Saturday, March 20, 2010

Respect

A few weeks before he was elected pope, Cardinal Ratzinger said at the funeral of Luigi Giussani, founder of the renewal movement known as Communion and liberation, “Christianity is not an intellectual system, a collection of dogmas, or a moralism. Christianity is instead an encounter, a love story, an event.”

At the heart of Christianity is Jesus’ commandment of love – “love one another as I have loved you”. Putting this commandment into action every day, as we are expected to do requires of us a deep respect for human life and indeed for all of God’s creations. Respect for one another as human beings is essential if any of the other Gospel values we claim to live by are to be allowed to flourish.
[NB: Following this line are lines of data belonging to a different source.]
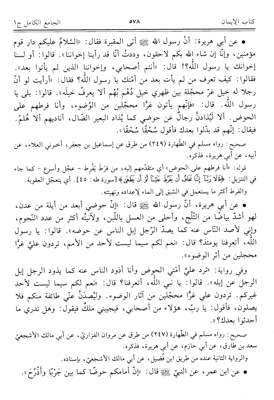 • عن أبي هريرة: أنّ رسول اللَّه -صلى اللَّه عليه وسلم- أتى المقبرة فقال: "السّلامُ عليكم دار قوم مؤمنين، وإنّا إن شاء اللَّه بكم لاحقون، وددتُ أنّا قد رأينا إخواننا". قالوا: أو لسنا إخوانك يا رسول اللَّه؟ ! قال: "أنتم أصحابي، وإخواننا الذين لم يأتوا بعد". فقالوا: كيف نعرف من لم يأت بعد من أمّتك يا رسول اللَّه؟ فقال: "أرأيت لو أنّ رجلا له خيل غرّ محجّلة بين ظهري خيل دُهْم بُهْم ألا يعرفُ خيلَه". قالوا: بلى يا رسول اللَّه. قال: "فإنّهم يأتون غرًّا محجّلين من الوُضوء، وأنا فرطهم على الحوض. ألا لَيُذادنَّ رجالٌ عن حوضي كما يُذاد البعير الضّال، أناديهم ألا هُلمّ. فقال: إنّهم قد بدّلوا بعدك فأقول سُحْقًا سُحْقًا".
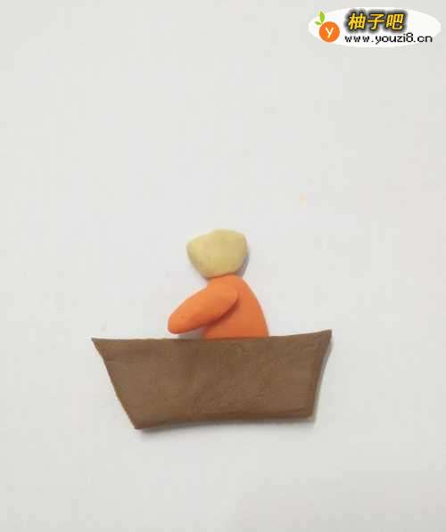 3用一块桔色捏成手指肚形状,粘在小船上,当作人的身体。
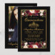 Quinceanera Blommig Foto Guld Ram Krona Svart Inbjudningar
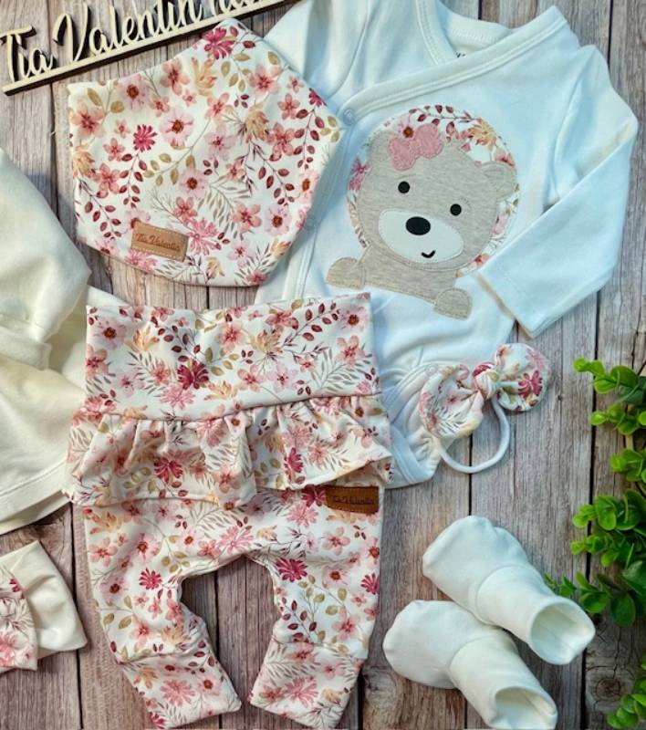 Ročno izdelano s pozornostjo na detajle – vsak kos je ustvarjen unikatno posebej za vas in z mislijo na dobro počutje novorojenčka. Body ni ročno šivan, a je skrbno izbran z občutkom za kakovost.

This respect we speak of cannot be some sort of ethereal act of being nice to people when we choose to be. This respect requires that we choose to empathise with every person we come into contact with. This respect requires that we can put ourselves in the other person’s shoes and appreciate how they feel. This is a tall order but there are ways by which we can train ourselves to be better at respecting others.
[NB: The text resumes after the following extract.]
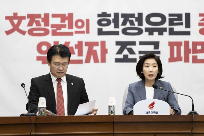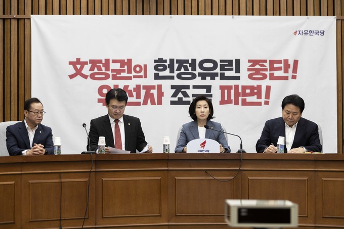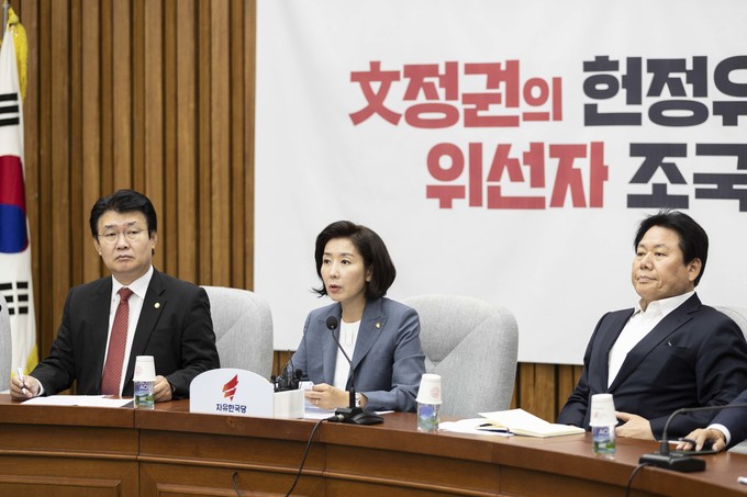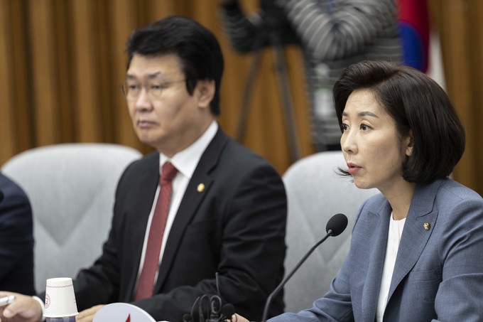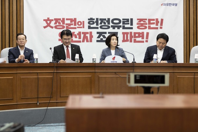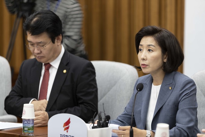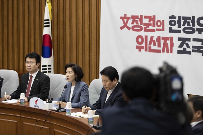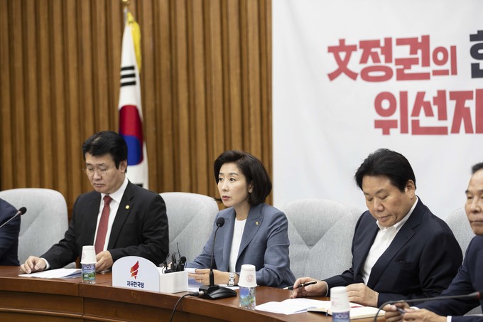 자유한국당 나경원 원내대표(왼쪽 세번째)가 27일 오전 서울 여의도 국회에서 열린 한국당 원내대책회의에 참석해 발언하고 있다.

Day in and day out, situations arise where we have the opportunity to either uplift people or to put them down. When we choose each time to lift people up and make them feel good about themselves, make them feel appreciated, make them feel loved, we are exercising our respect for other people, our love of one another.

We are all the less for those times when someone makes a snide remark to a friend about another person’s short-comings, or makes some insidious comment about someone out loud at a gathering or meeting, or uses someone’s mistake or misfortune as a source public amusement. We can easily laugh such happenings off as a joke, as some light-hearted fun. Do we ever stop to think what gives us the right to make such a comment? Do we ever stop to think about how that person would feel if or when they hear these remarks? Do we care? We should. In fact, there is something very hard-hearted and wrong about us if we don’t. The whole community loses a little bit of vitality, a little bit of energy, a little bit of goodness every time someone utters a needless negative about another human being.

People have faults. People do stupid things. People make mistakes. People have arguments and fights with one another. People sometimes need to be “told” or disciplined or dressed down. I am not suggesting that we can eliminate these things. They are all part of the human condition. I am suggesting that we can eliminate those unnecessary, negative, banal and often churlish comments that pop out the instant the thought comes into our heads. I am suggesting we can eliminate entirely the “put-downs” and the “belittling” and the “verbal bullying” that sometimes occurs in every community. It is unhealthy, unchristian and unnecessary. A smidgin of self-control and a pinch of empathy is all it takes!

What a wonderful place our world would be if we all chose to actively show our respect and love for one another every day.